With the code page set to 932 and a non-ASCII username in Windows, CoilSnake reportedly can't compile any projects that have CCScript files in them, complaining in a CCScriptCompilationError, Couldn't find module '{temp-folder}\coilsnake\assets\mobile-sprout\lib\stdarg.ccs'.

Changing the code page to 65001 by the "Use Unicode UTF-8 for worldwide language support" checkbox in Windows 10 causes an exception in Tk that bubbles up to PyInstaller, where it can't find basic Python libraries for the GUI, making the issue difficult to work around.

Unconfirmed ideas about the cause

For the Tk part, there are a few issues on the CPython issue tracker that mention discrepancies between how CPython normally sets up environment variables for the path to TCL stuff vs PyInstaller, but I'm not sure how much those help explain what's going on with the switch to the UTF-8 codepage. The rest of this issue will focus on the part about finding stdarg.ccs.

When compiling a project, CoilSnake invokes the CCScript compiler via the ccscript package and passes it a custom --libs path in CoilSnake's assets package. In PyInstaller/exe builds on Windows, this means that the libs path includes the name of the current user account, since that's where Windows puts temporary files.
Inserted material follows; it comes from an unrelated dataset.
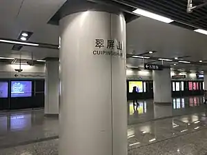 Cuipingshan station (Chinese: 翠屏山站), is a station of Line S1 of the Nanjing Metro. It started operations on 1 July 2014.[1]
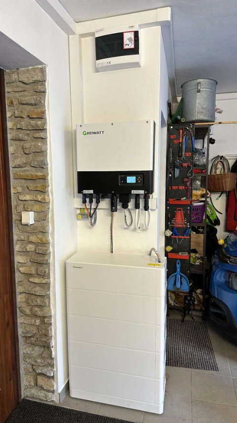 - Bateriový systém Growatt ARK skapacitou 7,68 kWh uchovává přebytky energie na později, což znamená, že i večer nebo při výpadku sítě máte energii k dispozici.

The C++ glue code in the ccscript converts all arguments, including paths, from their internal unspecified Python Unicode encoding into UTF-8 and passes the resulting array of char *s to cccmain. After this... they get put into std::strings, and those strings get passed directly to the constructor of the filesystem libraries' path objects in many assorted places around the codebase. I assume this works the same way in these unofficial libraries as in C++17 and onward, where std::string is assumed to contain text in the "native narrow encoding" (i.e., the current Windows codepage!) and you need to use a special function or a char8_t-based string type to get things handled as UTF-8 properly. In other words, the encoding bookkeeping gets lost along the way and we end up doing a second extra conversion to UTF-8 that mangles the path.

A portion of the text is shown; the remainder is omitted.